The above discussion seems to support the gloomy comment that Macau's manufacturing sector does not have a future.4 The pessimists predict that the hallowing out process of the local manufacturing sector will accelerate, once the MFA quota system is repealed in 2005. Most manufacturing activities will eventually be moved to low-cost offshore bases in China.
While this pessimistic assessment is not completely irrelevant, it tends to ignore a number of favourable factors, which may inject new life into the declining manufacturing sector. It should be noted that the successful industrial upgrade in the Asian Newly Industrialized Economies, to some degree,counts on government support and promotion.
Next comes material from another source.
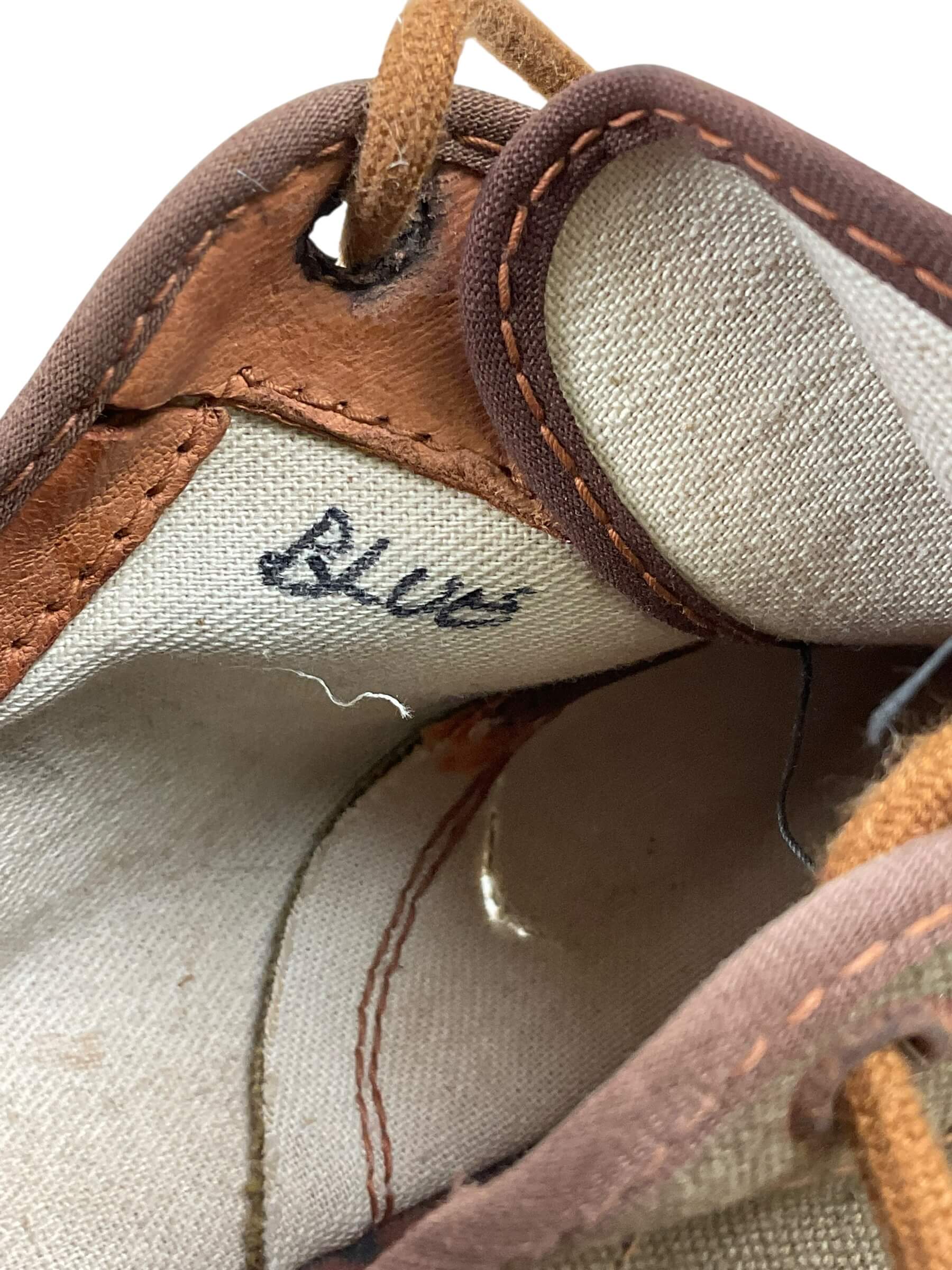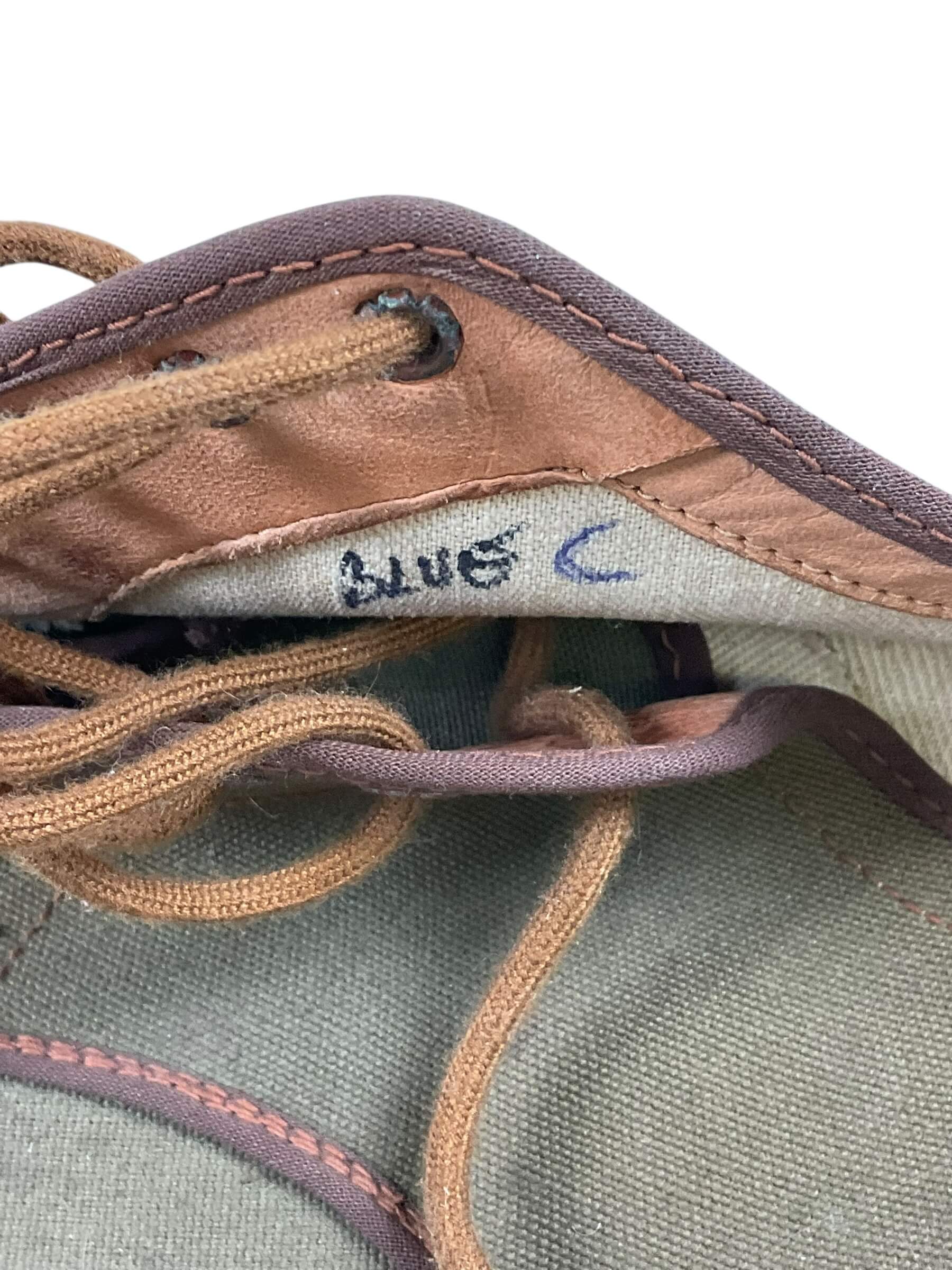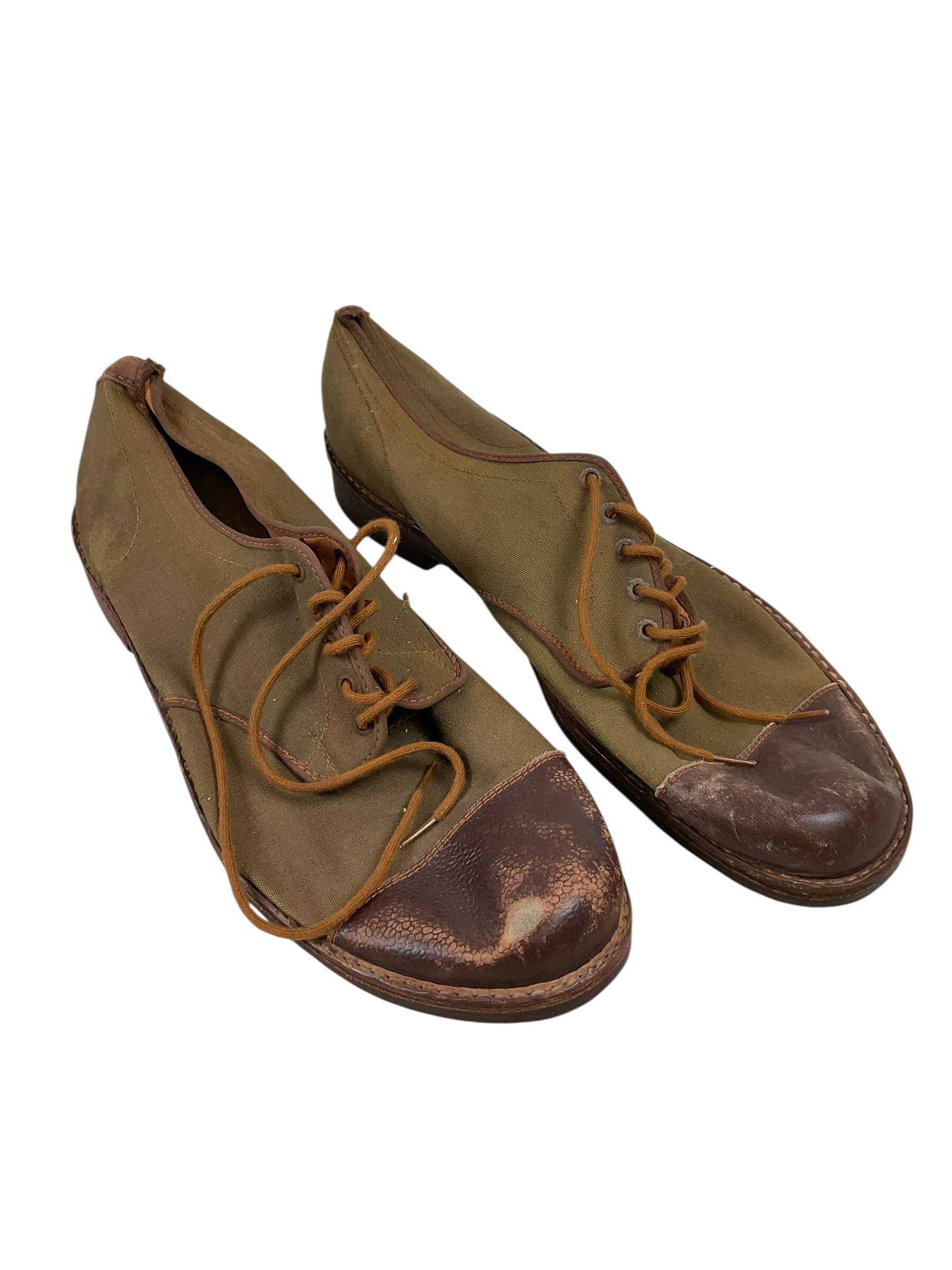 WW2 Canadian Army PT Shoes Plimsolls Size 13 Dated 1942 These physical training (PT) shoes are an original Canadian Army issue from the Second World War, dated 1942. Commonly referred to as plimsolls, this pair is marked as size 13, suitable for larger foot sizes among military personnel. The shoes feature a canvas upper with reinforced toe and heel sections and a vulcanized rubber sole, reflecting typical construction standards for military athletic footwear of the period. Lacing is provided by a series of metal eyelets, allowing for a secure fit during training and exercise. Each shoe is stamped with manufacturing and date markings, verifying their wartime production. PT shoes such as these were issued for use during physical training, marching, and camp activities rather than field operations. Items of this type offer insight into the daily routines and logistical provisioning of the Canadian Army during World War II. These plimsolls are an example of wartime standard-issue equipment.

In recent years, the Macau Government has stepped up its efforts to encourage industrial upgrade and investment. For example, the Government has established the Macau Productivity and Technology Transfer Centre, which currently plays a supportive role in "the development of productivity and competitiveness of the local industry". In 1996, the government-sponsored Concordia Industrial Park was established on the island of Coloane. Until the middle of 1999, eight high- and medium-technology industrial units occupied over 90 percent of the area.5Macau's return to Chinese sovereignty would also bring new opportunitiesfor the manufacturing sector. It has been suggested that China can provide the necessary skills and human resources for Macau's development of new industries in such areas as biochemical and computer software manufacturing companies.6 In this regard, cooperation and exchange at government level are deemed to be necessary.
To summarize, the manufacturing sector will have little chance to regain its dominant position in the domestic economy in view of its fundamental deficiencies. Despite these factors, the possible strengthening of government promotion of industrial upgrading and in China-Macau cooperation will provide room for optimism regarding the continued development of the manufacturing sector.
NOTES
1 The distribution of Macau's export quotas is regulated under Decree Law No. 50/80/M.Export quotas are distributed by the Direccao dos Servicos de Economia in the form of basic and free quotas. Basic quotas are given to manufacturers on the basis of their last year's export performance. The balance is regarded as free quotas, for which any registered manufacturers with over three years' history of operation may apply. Free quotas acquired by manufacturers will become their basic quotas in the coming year. On the other hand, unused quotas will be deducted from the quotas distributed to the concerned manufacturer. Quotas may be transferred between manufacturers at a price.
2 Macau's exports have not been influenced much by the early stages of the phasing out of the MFA, implemented under the Uruguay Round Agreement on Textiles and Clothing, because of the heavy end-loaded phasing-out of MFA quantitative restrictions, which would only extend to Macau's products at the final stage, i.e., by the end of 2004. See IMF (1999).
3 Similarly, Cremer (1990) argues that Macau lacks entrepreneurship in production and marketing to push for an industrial upgrade.
4 See Ng and Tsang (1997), Chapter 6.
5 See Macau Magazine, June 1999, pp. 48-51.
6 See, for example, proposal of the China-Macau cooperation in Yeung (1993).